─── DATA EXTRACT ───
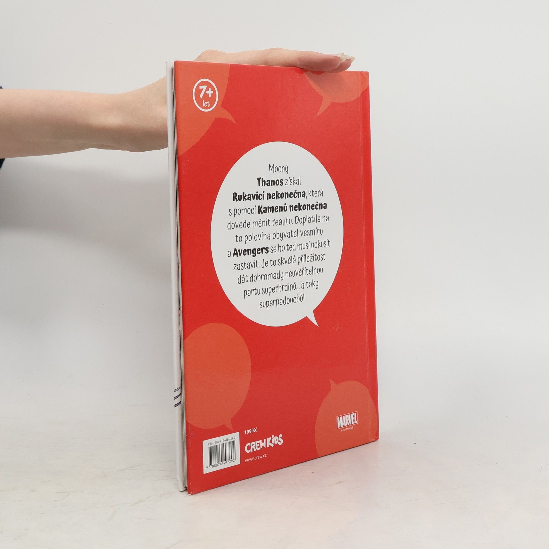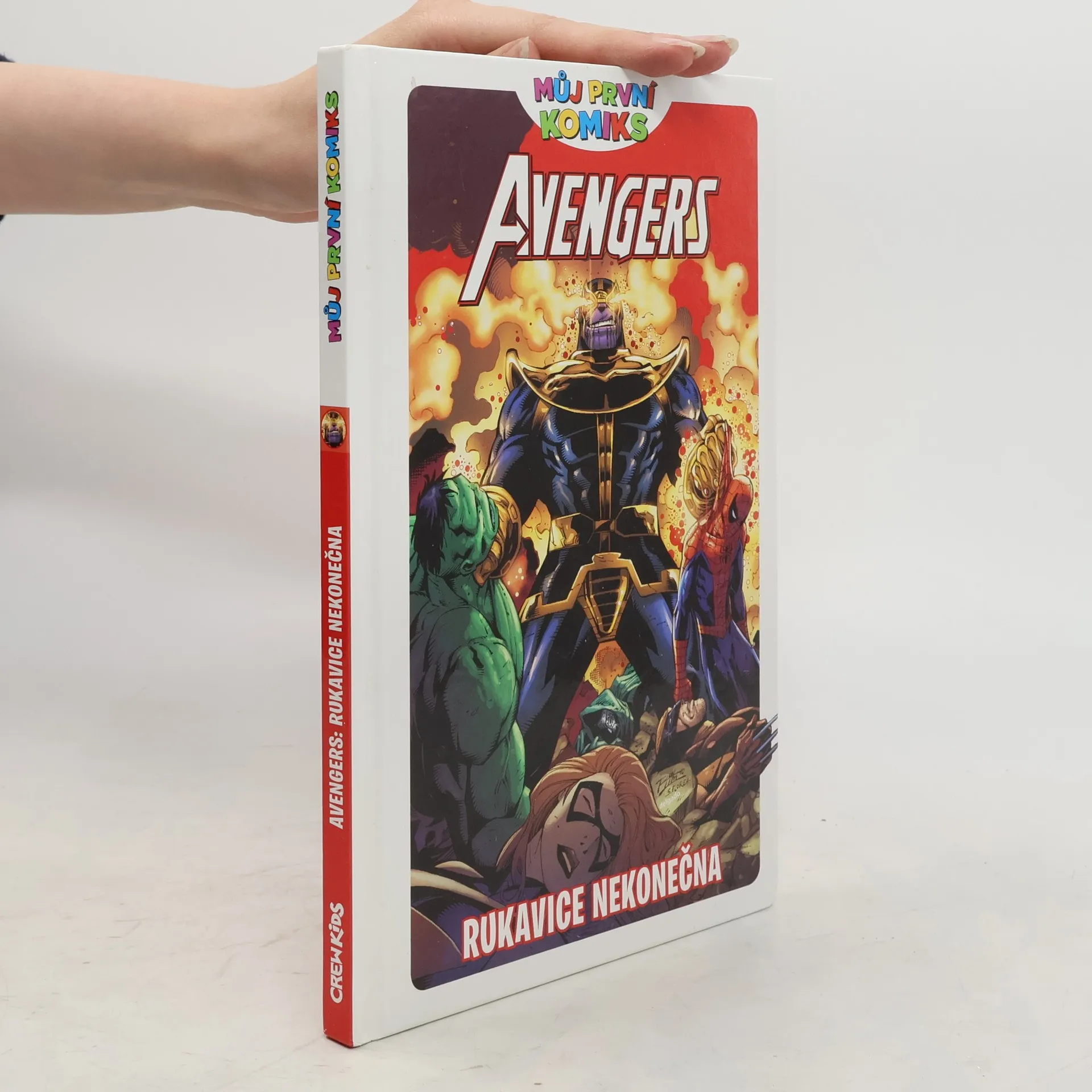 Thanos, postrach vesmíru, získal klenoty nekonečna, které mu dávají vládu nad celým vesmírem. S mocí klenotů zničil polovinu populace všech světů, včetně mnoha Avengerů a polovinu Fantastic Four. Jak dokáže malá skupina hrdinů a padouchů včetně Spider-Mana, Wolverina, Ms. Marvel a Doctora Dooma zastavit nezastavitelné? Legendární příběh zpracovaný pro mladší čtenáře!
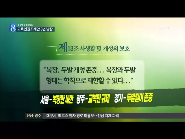 ◀ANC▶ 전남 교육공동체 인권조례안이 3년 동안 제정되지 못한 채 표류하고 있습니다. 전라남도교육청과 도의회 교육위원회가 조례 제정에 소극적이다는 점도 문제입니다. 김양훈 기자가 보도합니다. ◀END▶ 전남 교육공동체 인권조례안이 발표된 것은 2012년 2월 입니다. 학생과 학부모, 교사 등 모든 교육주체들을 한...
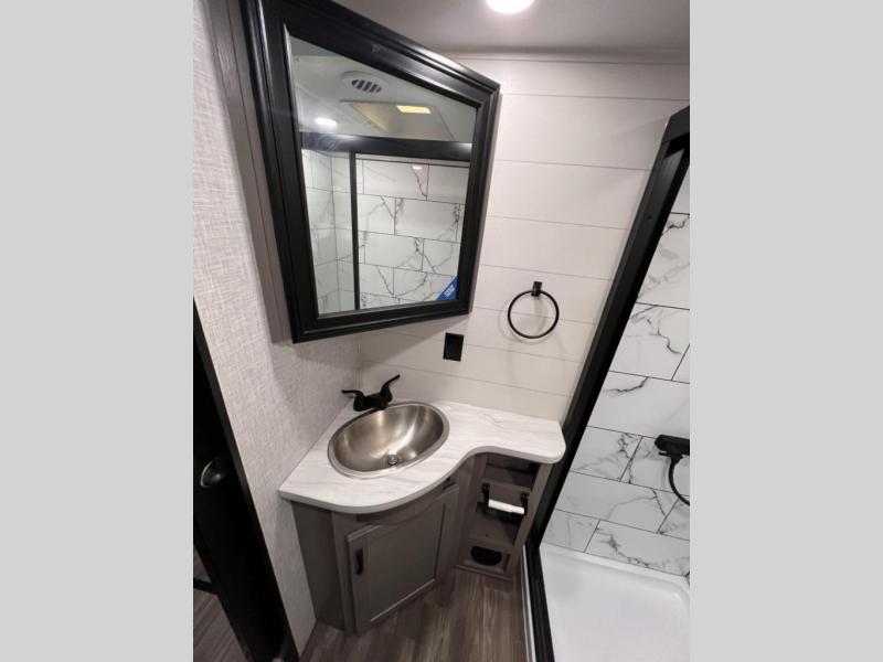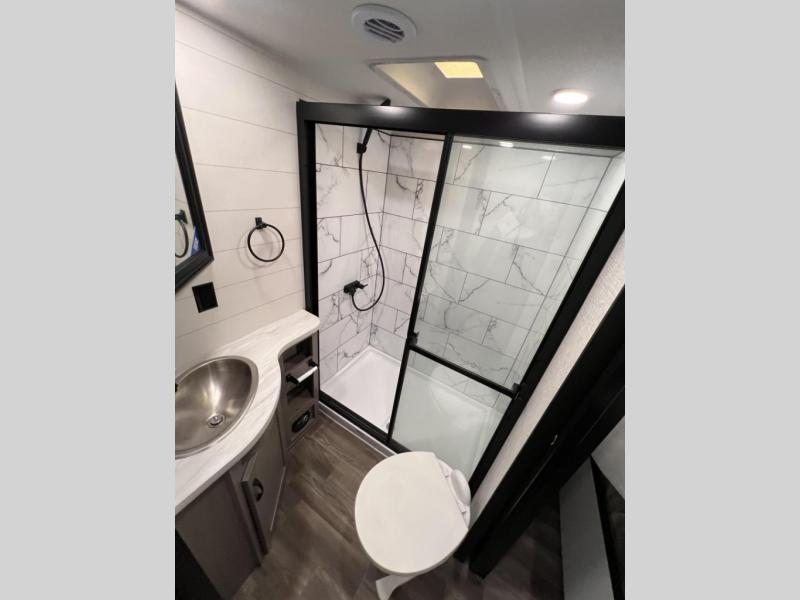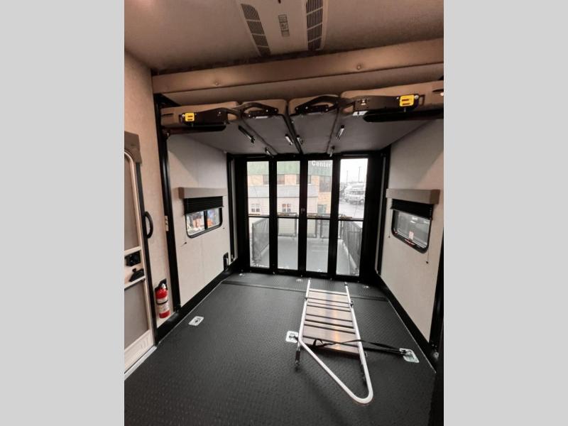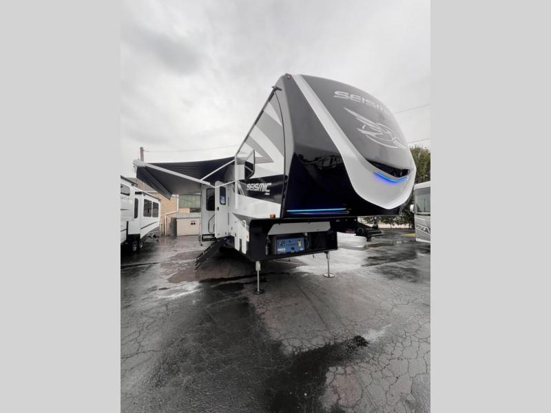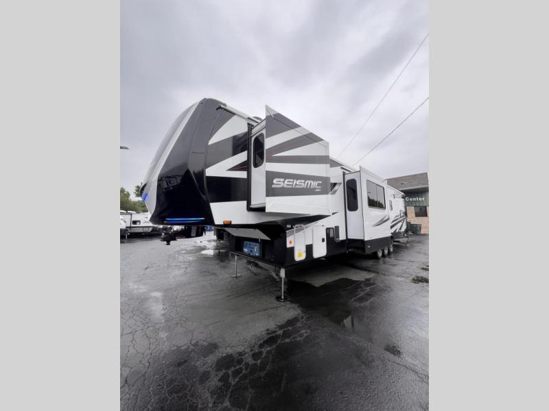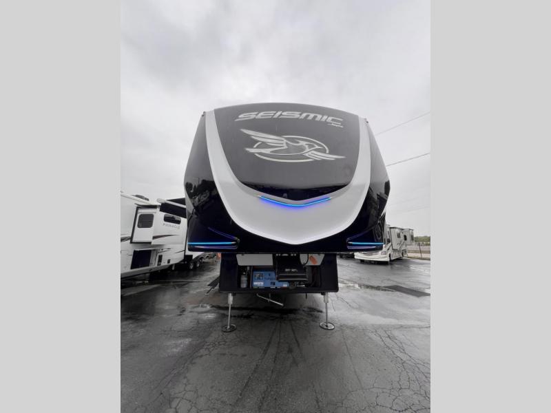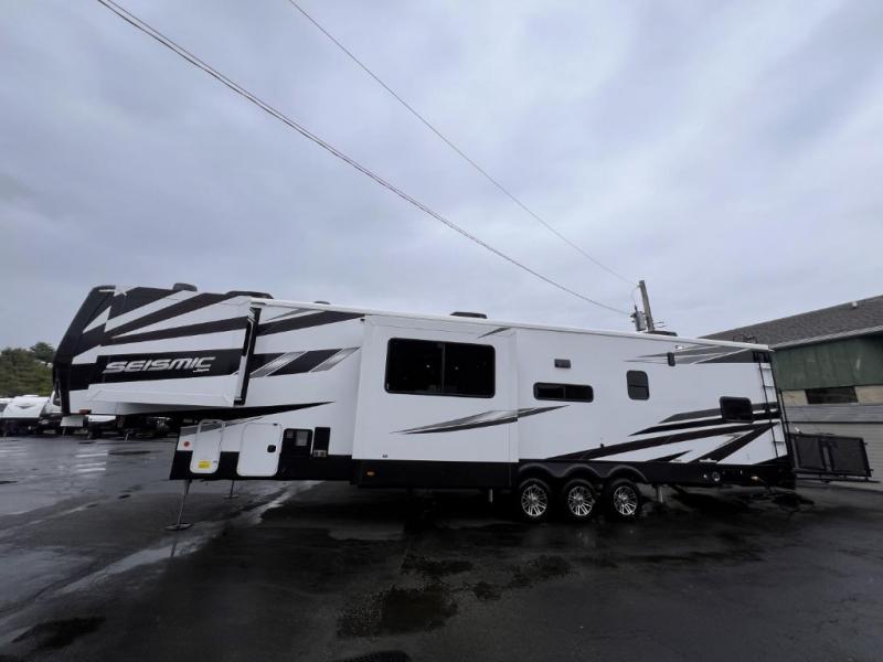 One look at the Seismic toy haulers by Jayco, and you'll never go back! Each model features a custom automotive-grade vinyl exterior graphics package, a painted fiberglass front cap with built-in LED lighting, and 102" wide-body structural steel I-beam construction. You'll find the pass-through storage with Slam-Latch baggage doors will make unpacking easier than ever, and the rear ramp door/patio with anti-slip, non-skid flooring will allow you to unload your toys with no trouble at all. These toy haulers feature a three seasons garage wall/doors, a 30 gallon fuel tank with a timer, and exterior marine-grade speakers to keep the party going. The Climate Shield zero degree tested weather protection includes a 35,000 BTU furnace, PEX plumbing, and a fully enclosed and heated underbelly so you can enjoy your adventures year around. And we haven't even touched on the interior luxuries you'll find, like solid hardwood cabinet doors, residential vinyl flooring made in the USA, night shades, and more!
───
-- EXERCISE BRIEF --
Apart from the pictures, every line of the data above should be given again exactly.

-- FINISHED EXERCISE --
 Thanos, postrach vesmíru, získal klenoty nekonečna, které mu dávají vládu nad celým vesmírem. S mocí klenotů zničil polovinu populace všech světů, včetně mnoha Avengerů a polovinu Fantastic Four. Jak dokáže malá skupina hrdinů a padouchů včetně Spider-Mana, Wolverina, Ms. Marvel a Doctora Dooma zastavit nezastavitelné? Legendární příběh zpracovaný pro mladší čtenáře!
 ◀ANC▶ 전남 교육공동체 인권조례안이 3년 동안 제정되지 못한 채 표류하고 있습니다. 전라남도교육청과 도의회 교육위원회가 조례 제정에 소극적이다는 점도 문제입니다. 김양훈 기자가 보도합니다. ◀END▶ 전남 교육공동체 인권조례안이 발표된 것은 2012년 2월 입니다. 학생과 학부모, 교사 등 모든 교육주체들을 한...
 One look at the Seismic toy haulers by Jayco, and you'll never go back! Each model features a custom automotive-grade vinyl exterior graphics package, a painted fiberglass front cap with built-in LED lighting, and 102" wide-body structural steel I-beam construction. You'll find the pass-through storage with Slam-Latch baggage doors will make unpacking easier than ever, and the rear ramp door/patio with anti-slip, non-skid flooring will allow you to unload your toys with no trouble at all. These toy haulers feature a three seasons garage wall/doors, a 30 gallon fuel tank with a timer, and exterior marine-grade speakers to keep the party going. The Climate Shield zero degree tested weather protection includes a 35,000 BTU furnace, PEX plumbing, and a fully enclosed and heated underbelly so you can enjoy your adventures year around. And we haven't even touched on the interior luxuries you'll find, like solid hardwood cabinet doors, residential vinyl flooring made in the USA, night shades, and more!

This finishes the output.